→ **Task requirements**: Everything in the listing below should be repeated verbatim, apart from the pictures.

→ **Raw data**:

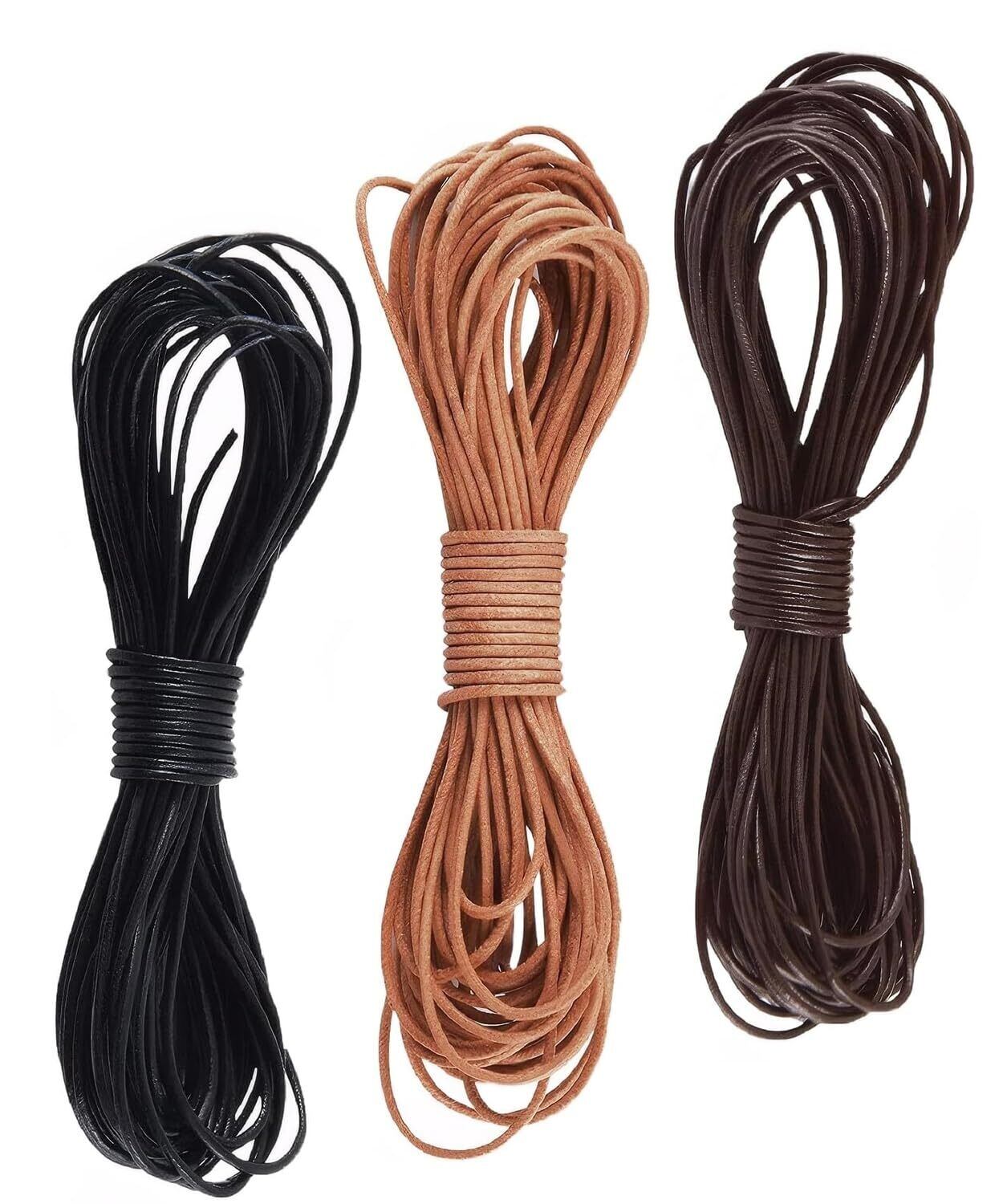牛革紐 3束入り 本革紐 リアルレザー レザーコード レ ザークラフト紐 丸紐 革紐 アクセサリー用紐 ネックレス用 アクセサリー作り 手芸 DIY用 (2mm*3m)
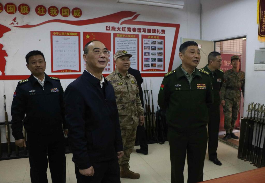 黄新司令员一行首先来到学校校史馆、军事社团活动室、兵员预征预储室、学校武装部(征兵工作站)等国防教育场所,在宣传部黄舒副部长、征兵工作站黄旺庆站长的详细讲解下,深入细致的了解我校自1930年建校至今的办学历史,实地调研大学生征兵和国防教育工作落实情况。
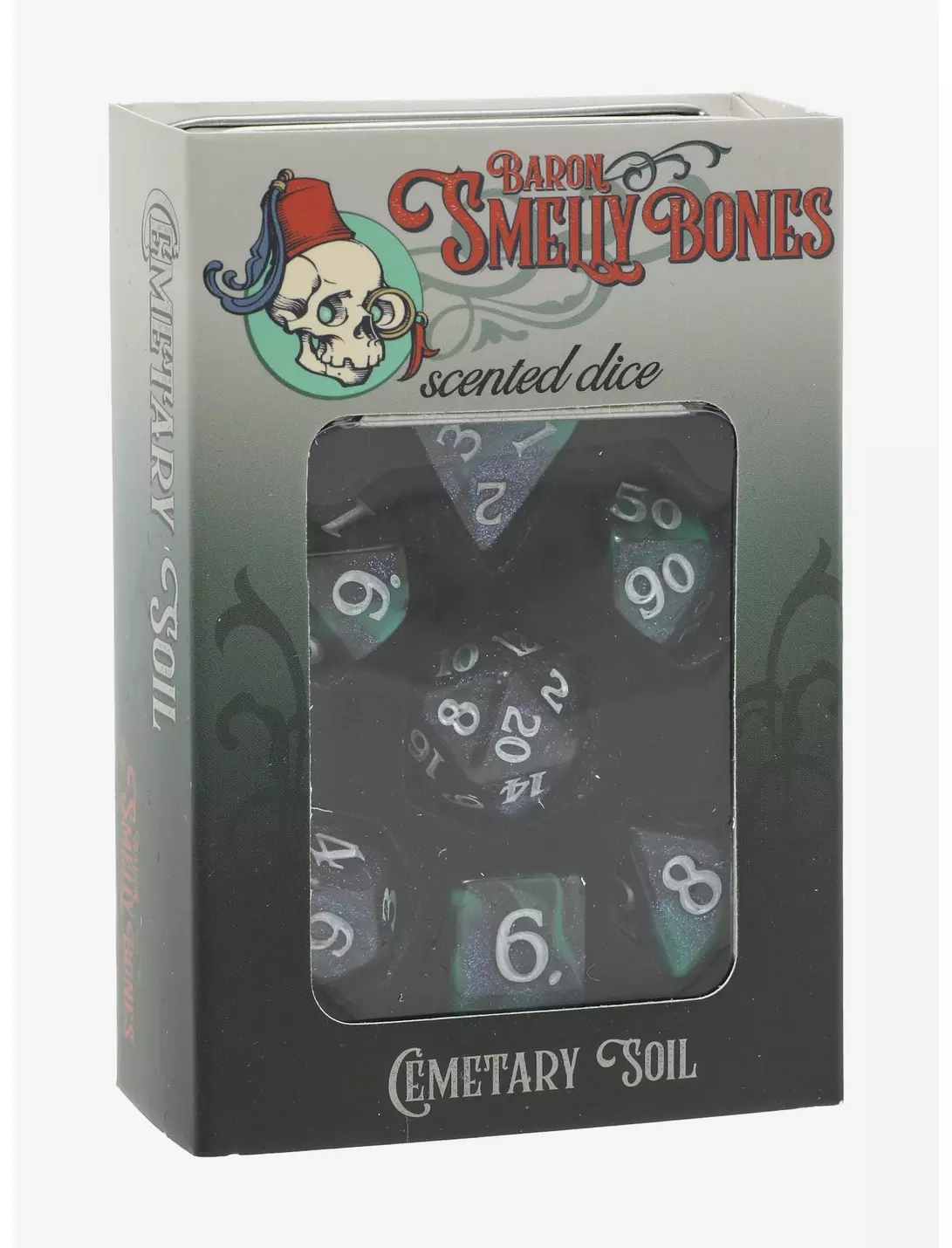 These ominous dice are transparent black with iridescent glitter swirled with opaque green curls, just like my skull!
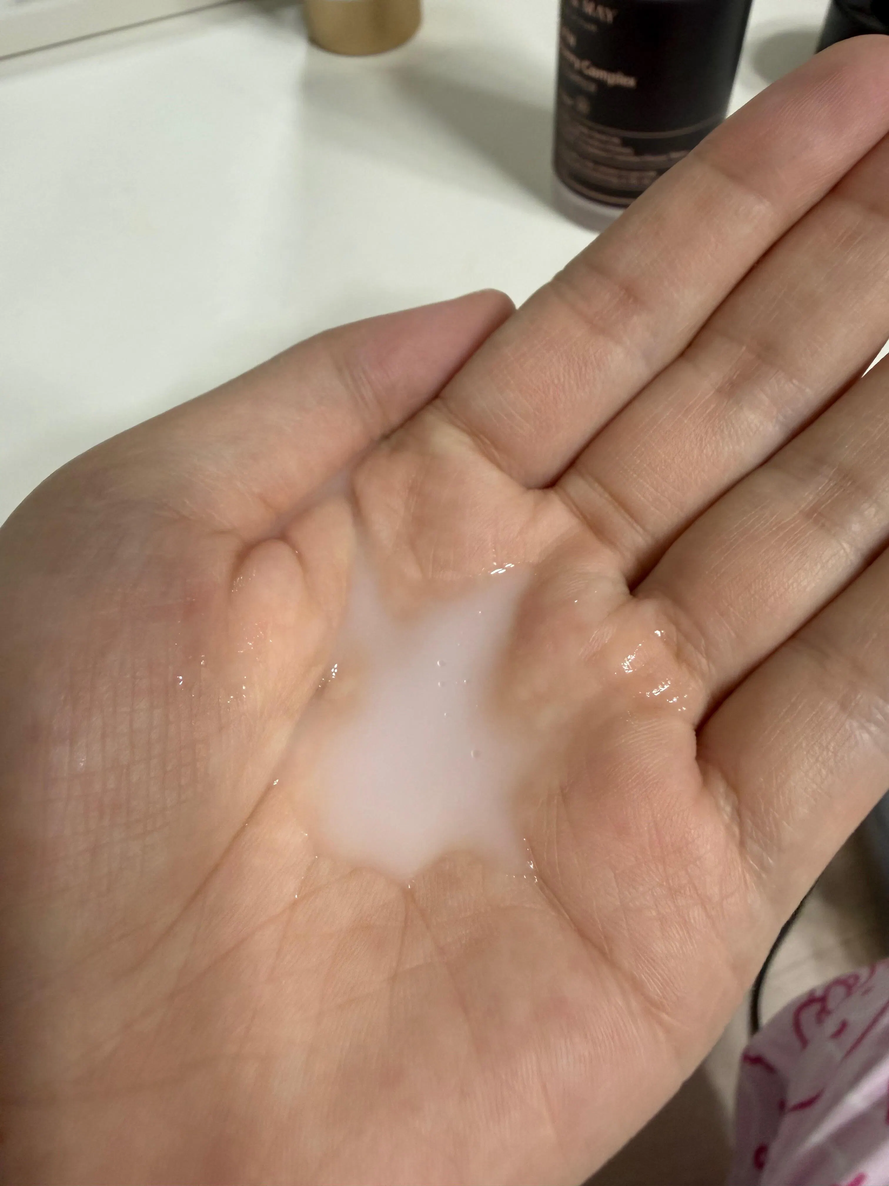 2. Take an appropriate amount on the palm of your hand and let it absorb.

→ **Answer to the exercise**:
牛革紐 3束入り 本革紐 リアルレザー レザーコード レ ザークラフト紐 丸紐 革紐 アクセサリー用紐 ネックレス用 アクセサリー作り 手芸 DIY用 (2mm*3m)
 黄新司令员一行首先来到学校校史馆、军事社团活动室、兵员预征预储室、学校武装部(征兵工作站)等国防教育场所,在宣传部黄舒副部长、征兵工作站黄旺庆站长的详细讲解下,深入细致的了解我校自1930年建校至今的办学历史,实地调研大学生征兵和国防教育工作落实情况。
 These ominous dice are transparent black with iridescent glitter swirled with opaque green curls, just like my skull!
 2. Take an appropriate amount on the palm of your hand and let it absorb.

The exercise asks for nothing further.